The essence of BN is to make use of optimization to change the size of variance and mean position, so that the new distribution is more consistent with the real distribution of data and ensure the nonlinear expression ability of the model. The extreme case of BN is that the two parameters are equal to the mini-batch mean and variance, so the data and the input will be exactly the same after the batch normalization. Of course, the normal case will be different.

How do we figure out the mean and variance?

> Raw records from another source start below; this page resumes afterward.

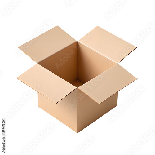 Open cardboard box with flaps spread wide isolated on transparent background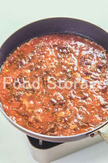 2に汁けをきったキドニー豆、ホールトマト、バジルを加えて少々煮る。 |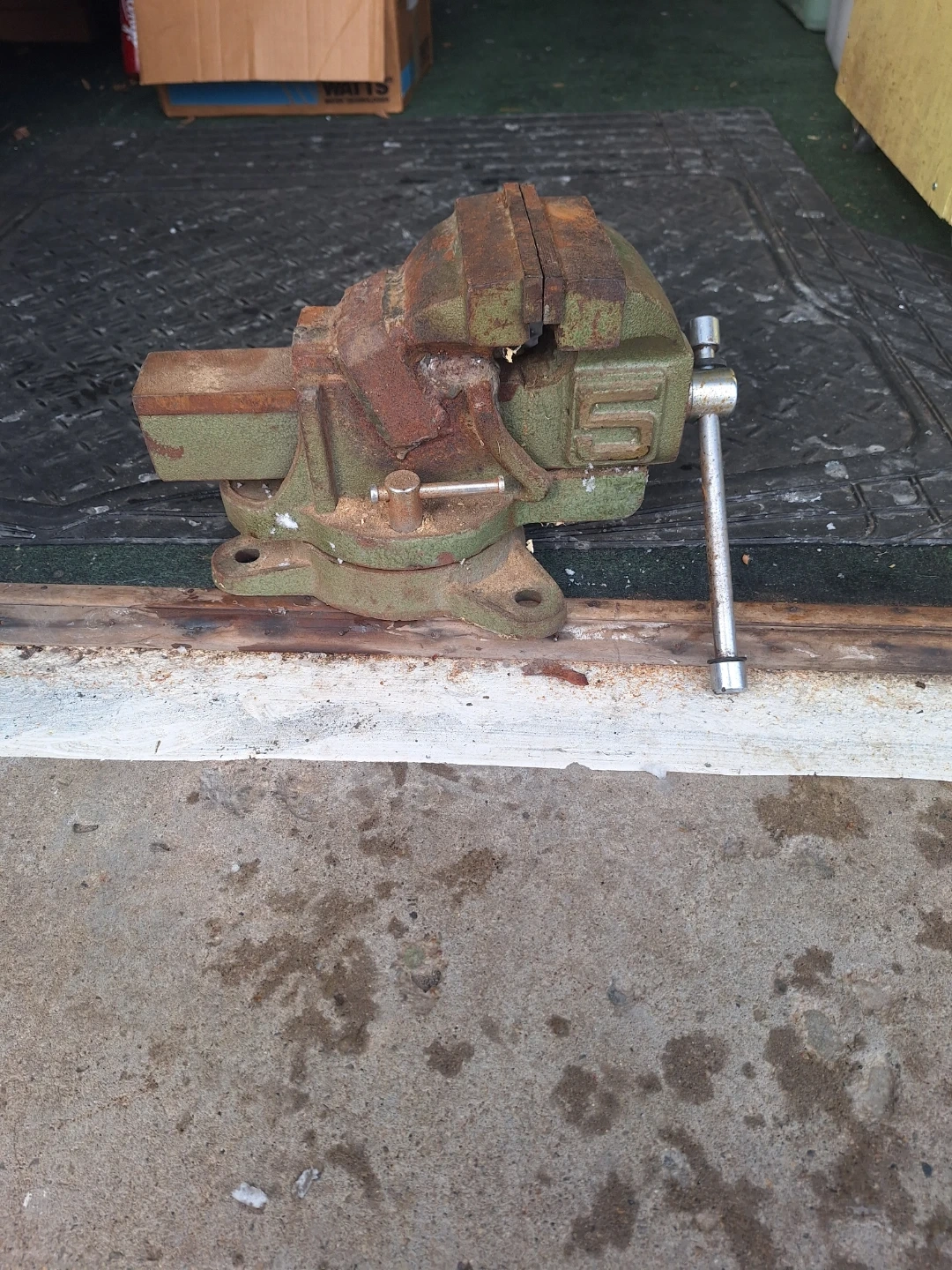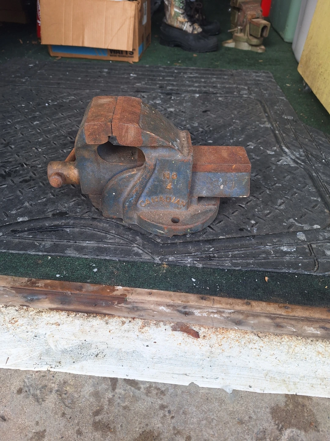 This is a vintage Canadian-made bench vise. It's heavy-duty cast iron construction and features a swivel base. Shows signs of rust and wear consistent with age, but the mechanisms still function. Two for sale $50 each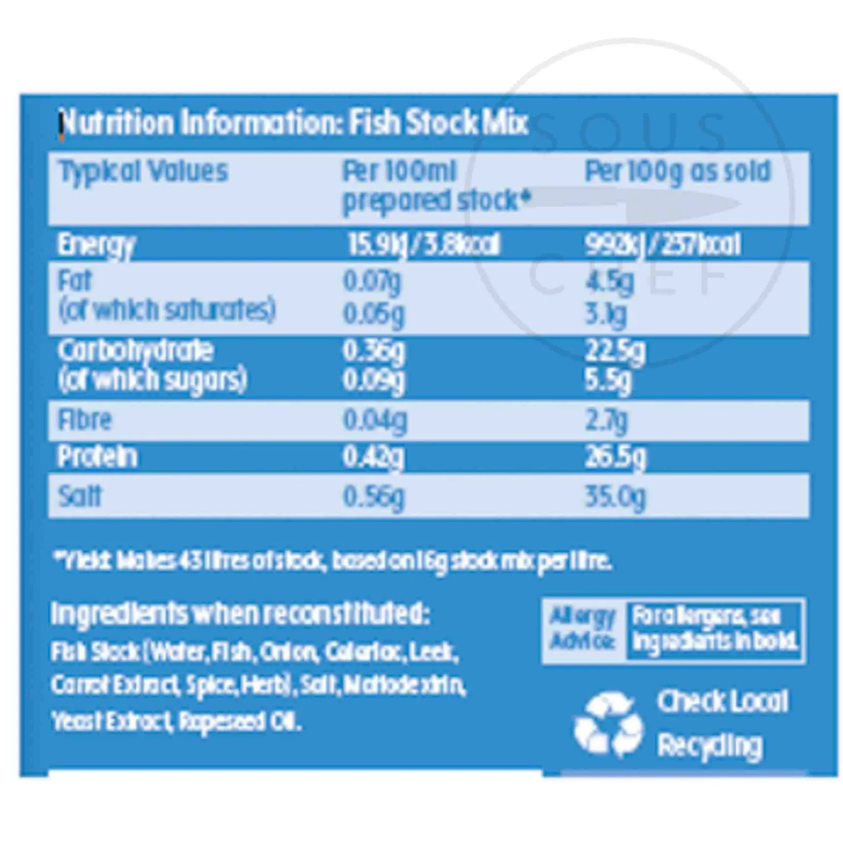 Essential Cuisine fish stock mix gives you the same pungency of fresh fish stock, in powder form. Simply add 16g of dry stock mix to 1 litre of boiling water for a strong stock to add to your sauces, soups, gratins and pies.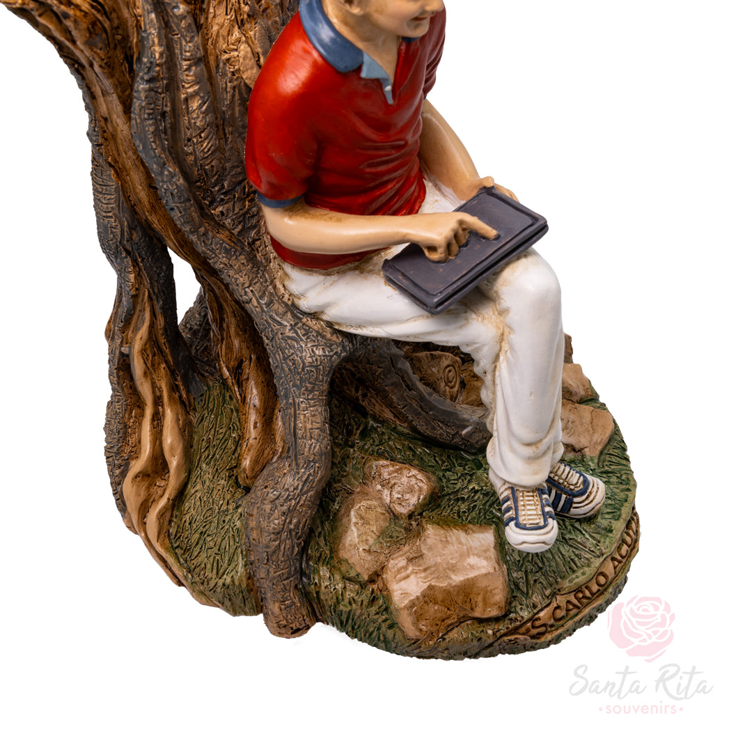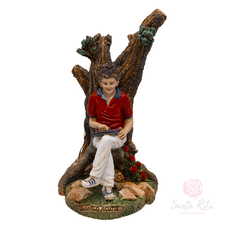 Scultura San Carlo Acutis Sotto Albero 24cm Maestro Cassetta Resina Marmo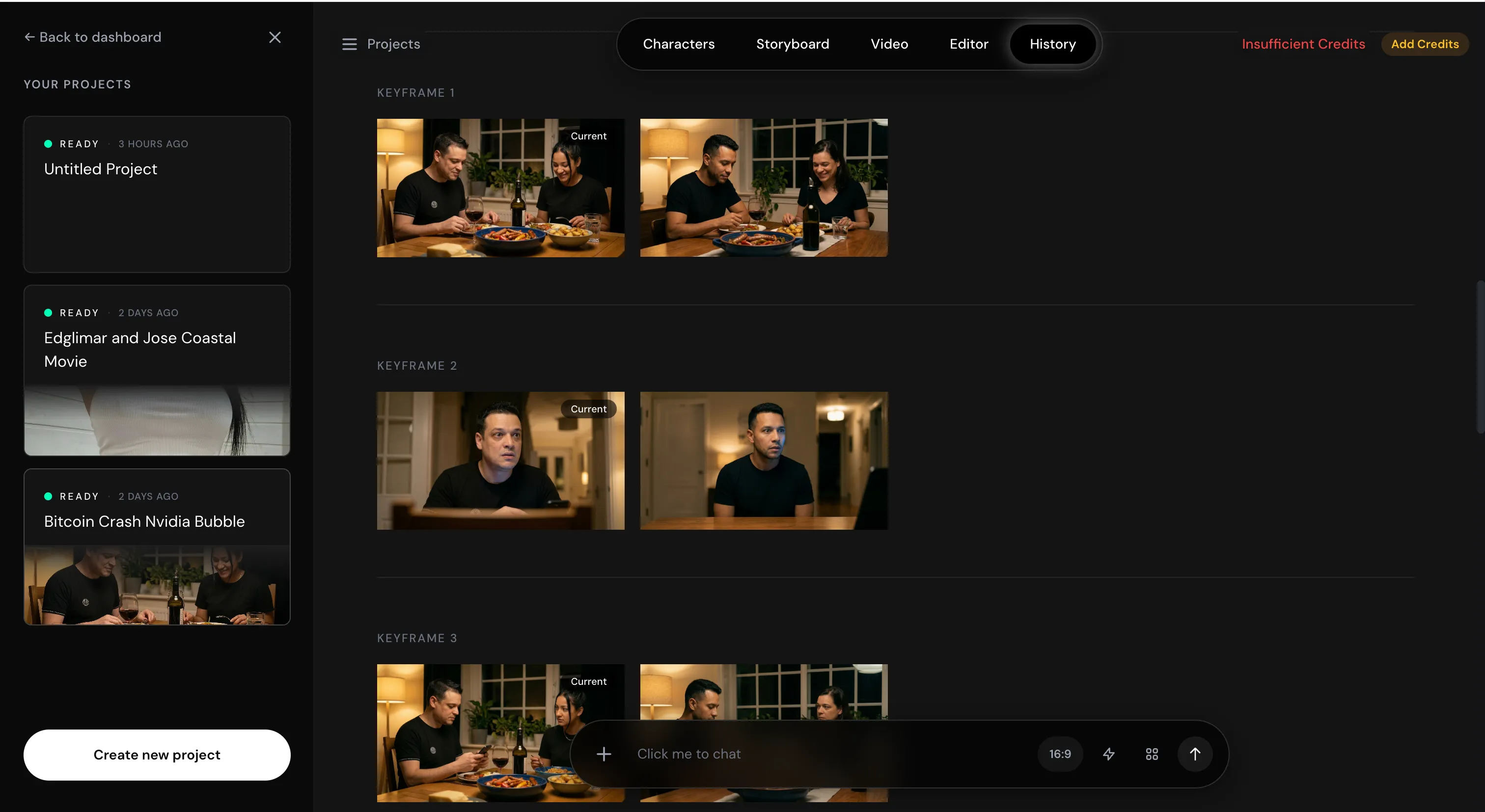The main screen looks like ChatGPT or any typical chatbot interface. From there, you navigate five tabs: Characters, Storyboard, Video, Editor, and History.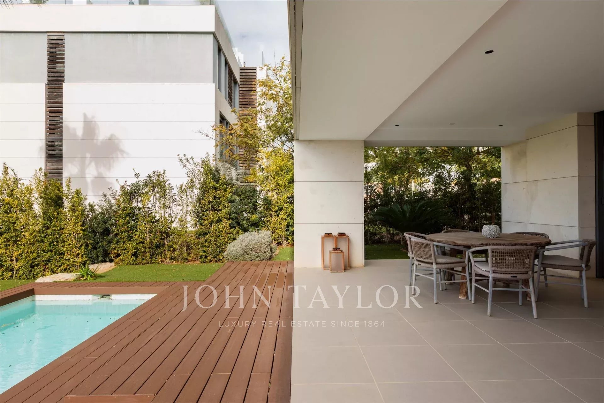Disposta su due piani più una grande terrazza privata sul tetto, la casa dispone di due ingressi indipendenti, perfetti per chi cerca una zona ospiti riservata. Al piano terra troviamo tre camere con bagno privato, zona giorno con cucina a vista, bagno per gli ospiti e accesso diretto a un giardino privato con terrazza coperta e piscina. Questo piano può essere utilizzato come appartamento indipendente.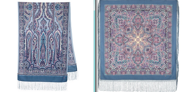В голубой богатой невесте много розового. А палантин холоднее и контрастнее.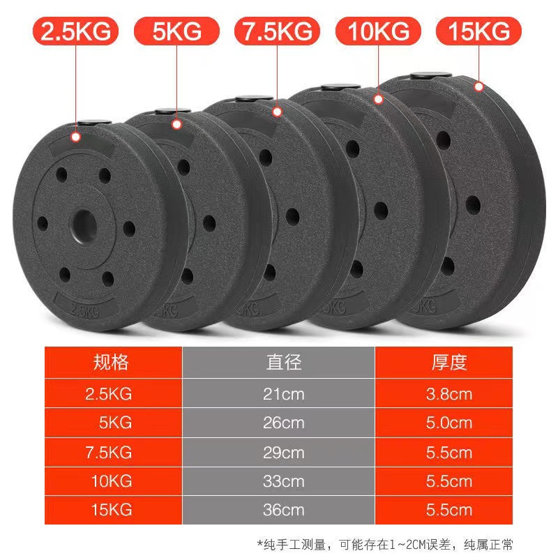Черные экологически чистые гантели и штанги, подходящие для стержней с малым диаметром отверстий, цементных противовесов и пластин с песочным наполнением.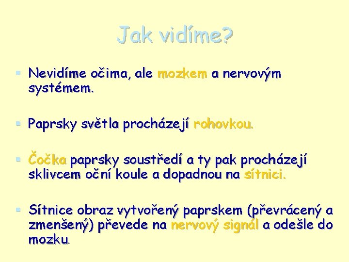 Jak vidíme? § Nevidíme očima, ale mozkem a nervovým systémem. § Paprsky světla procházejí rohovkou. § Čočka paprsky soustředí a ty pak procházejí sklivcem oční koule a dopadnou na sítnici. § Sítnice obraz vytvořený paprskem (převrácený a zmenšený) převede na nervový signál a odešle do mozku.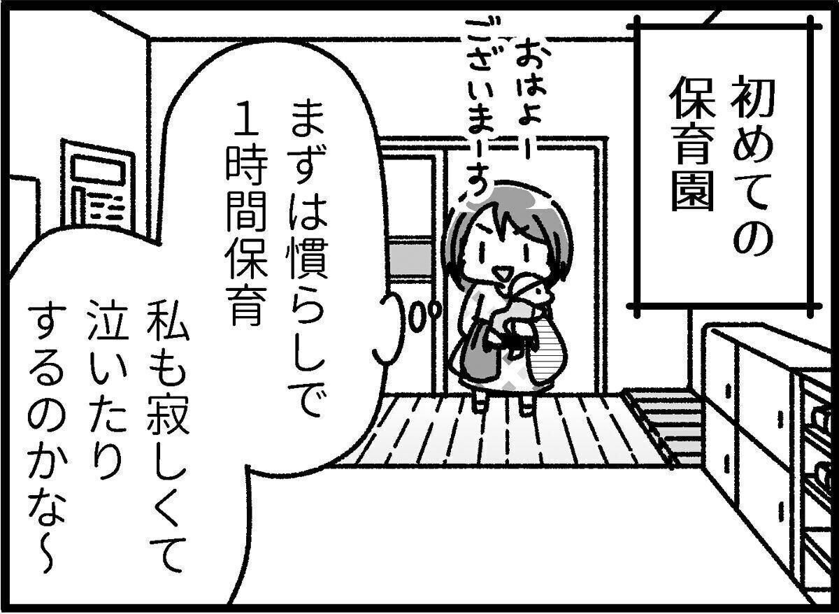 バタバタと始まった慣らし保育1日目! 今までずっと娘・ふーみんと一緒にいた私は、離れるのが初めてだったので、「親子ともに保育園に早く慣れたらいいな」「ふーみんも私も寂しくて泣いてしまったりするのだろうか」と不安に思いながら保育園のドアを開けました。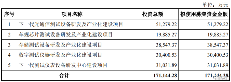 本次IPO,联讯仪器拟募集资金约17亿元,按发行价格计算的预计募集资金总额约21亿元,将用于下一代光通信测试设备研发及产业化建设项目、车规芯片测试设备研发及产业化建设项目、存储测试设备研发及产业化建设项目、数字测试仪器研发及产业化建设项目、下一代测试仪表设备研发中心建设项目。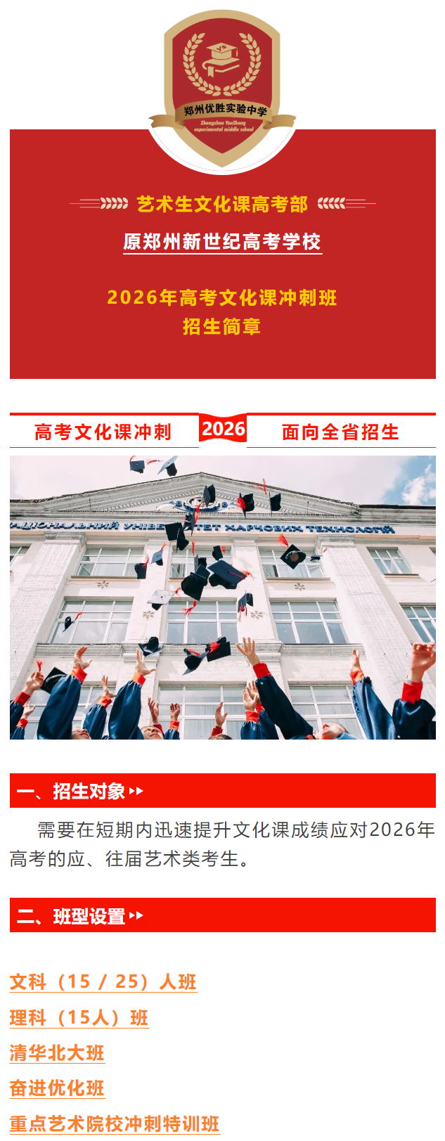 2026艺考文化课战鼓擂响,郑州优胜实验中学新世纪高考部新行动!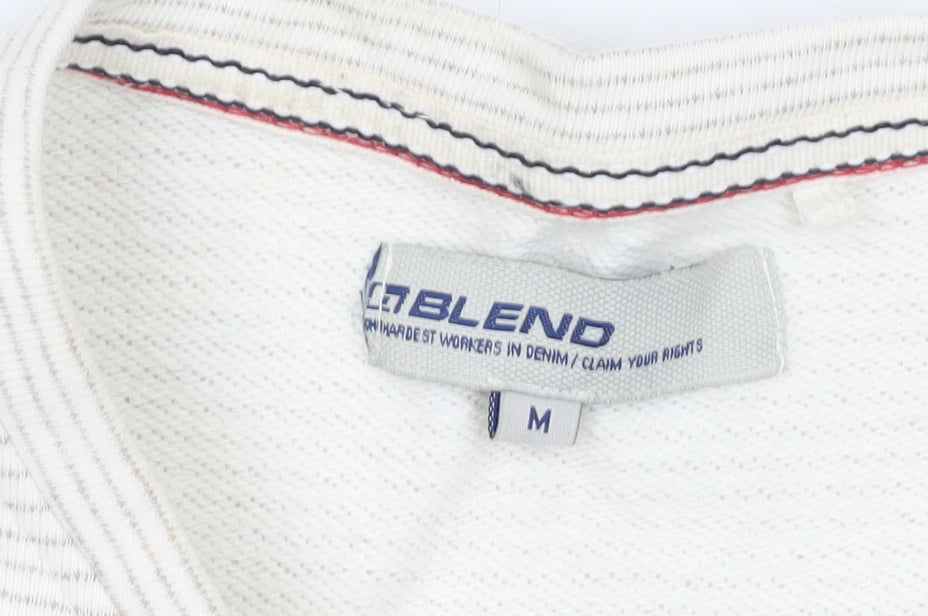 Add a touch of casual elegance to your wardrobe with this Blend Women's Ivory Striped Basic Long Sleeve Top in size M. Crafted from high-quality 100% cotton, this knit top ensures comfort and breathability, making it perfect for all seasons. The classic crew neck design and embroidered accent provide a subtle yet chic touch, while the regular fit flatters a range of body types. Ideal for casual occasions, this versatile piece can be seamlessly integrated into your everyday outfits. Pair with your favorite jeans or a skirt for a laid-back, stylish look. Machine washable for easy care, this top is a must-have staple for any wardrobe. Slight wear is present, but it remains in overall excellent condition. Don't miss out on this wardrobe essential at an attractive price.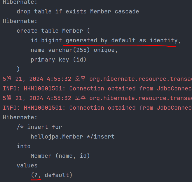 • 기본값: 클래스 이름을 그대로 사용(예: Member)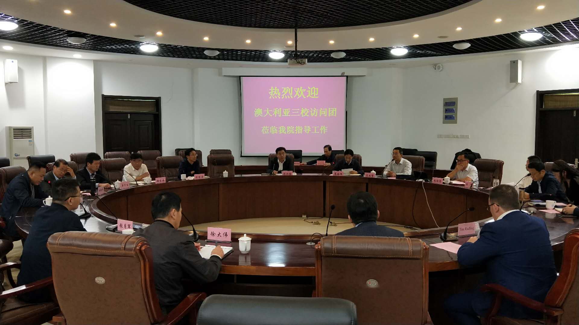2018年10月10日下午三点,澳大利亚三校访问团以及中国太阳能源有限公司董事长、香港优才专才协会副会长张月军先生一行,专程来我院参观指导,我院所有中层以上领导干部在6号楼3楼会议室与澳方进行座谈。

In the training, we will solve the mean and variance of the same batch of data, and then normalize the operation. But what about our mean and variance for the prediction? For example, when we predict a single sample, how can we calculate the mean sum? In fact, the mean and variance used in the prediction phase also come from the training set. For example, during model training, we recorded the mean value and variance of each batch. After the training, we calculated the expected value of the mean value and variance of the entire training sample as the mean value and variance of BN when we made prediction:

In the final test phase, the formula for BN is:

As for the position of BN, the independent variable X of the S-type function S (x) is the result of BN processing before the nonlinear activation function in CNN. Therefore, the calculation formula of forward conduction should be:

In fact, because the bias parameter B is useless after going through the BN layer, it will also be normalized by the mean. Of course, there is a β parameter behind the BN layer as the bias term, so the parameter B can not be used. So the BN layer + activation layer becomes:

CNN in the BN

Notice that everything I’ve written is a little bit different for the general case, for the convolutional neural network. Since the features of convolutional neural network correspond to the whole characteristic response graph, BN should also be made in units of response graph rather than in dimensions. For example, at a certain layer, the batch size is M and the response graph size is W ×h, so the amount of BN data is M × W ×h.

BN plays a very obvious role in the deep neural network: when the neural network training encounters slow convergence speed, or “gradient explosion” and other untrainable situations, BN can be tried to solve them. At the same time, BN can also be added to accelerate model training and even improve model accuracy in conventional use.